CT Imaging in Gastrointestinal Stromal Tumour: A Case Series

Abstract

Gastrointestinal Stromal Tumours (GISTs) being most common non-epithelial tumours comprise a bunch of non-epithelial smooth muscle, mesenchymal alimentary tract tumours, appearing from the interstitial cells of Cajal of varying malignancy which specify KIT protein-CD117, a stem cell factor receptor. The mutations seen in GIST’s are most common in the proto-oncogene c-KIT; seen only in GIST. This gene is not seen in the other mesenchyamal tumours. Here, the mutated c-KIT helps in the growth and survival of this tumour by activation of the KIT receptor tyrosine kinase.
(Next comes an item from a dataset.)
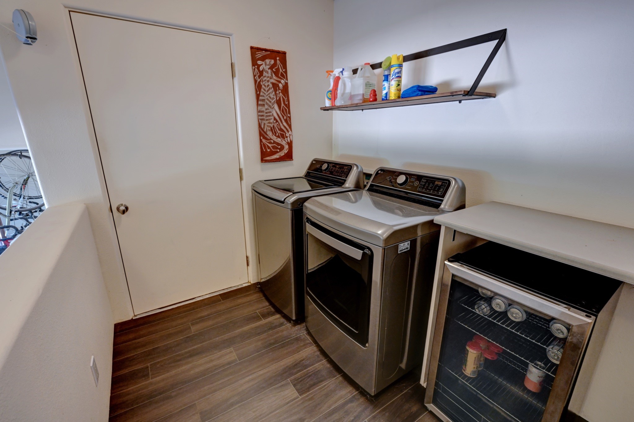 Discover refined living in this exquisite single-level residence located in Sundance Estates, where sophisticated design meets timeless Santa Fe charm. This 3 bedroom, 3 bathroom home's 2,627 square feet unfold with meticulous attention to detail, featuring elegant travertine floors and Diamond plaster walls that flow seamlessly throughout the space. The heart of the home showcases a luminous living room anchored by a stunning stone fireplace, beamed ceiling, abundant light and complemented by contemporary lighting fixtures and custom drapery that create an ambiance of understated luxury. This gracious space extends naturally into the dining area, distinguished by an artistic iron chandelier, while both rooms open onto a welcoming flagstone portal overlooking expansive views and the meticulously landscaped backyard with stone fountain. The primary bedroom suite serves as a private sanctuary, featuring an authentic Mexican wooden door entrance, a wood-burning kiva fireplace, and a private portal. The spa-inspired ensuite bathroom boasts a generous soaking tub and sophisticated marble and stone dual vanities, complemented by a generous walk-in closet. Culinary enthusiasts will appreciate the gourmet kitchen, equipped with stainless steel appliances, and custom wood cabinetry offering abundant storage. Granite countertops provide both beauty and functionality. Two thoughtfully positioned guest bedrooms, featuring character-rich square beamed ceilings and custom window treatments, offer built-in bookshelves and privacy from the primary suite. Both guest rooms enjoy their own portal access, perfect for morning coffee or evening relaxation. A two-car garage provides secure parking, while a rooftop deck offers breathtaking panoramic views. Located near the Calabasas Trail Head and only 14 minutes from the historic plaza, this home perfectly balances luxury living with the natural beauty of Santa Fe. This home offers an exceptional lifestyle in one of Santa Fe's most sought-after communities. Schedule a tour today to experience this remarkable property and please see the Matterport 3-D tour in the listing!

The incident of GISTs is increasing in recognition and the increased rate of survival has made imaging seemingly important, not only for diagnosis, but also for monitoring the effects of treatment and detecting progression of the tumour. The clinical symtoms in this case series include pain abdomen, nausea, vomiting and constipation. Some cases can present as abdominal distension. The investigation of choice for these spectrum of diseases is currently Computed Tomography (CT), however many imaging techniques, such as Positron Emission Tomography (PET), fluorine 18 Fluorode-Oxyglucose (FDG), Magnetic Resonance (MR) imaging, and Ultrasonography (US) can also be used. This article describes the typical imaging findings of GISTs at initial presentation. Many cases present late and at a stage where surgery will not be of much use. However, Imatinib has showed a drastic response in prognosis and helps increasing the survival changes leading a normal life. This study helps us in identifying the pattern of the lesion and its enhancement patterns leading to early detection, thus aiding the surgeon or the oncologist to plan for treatment.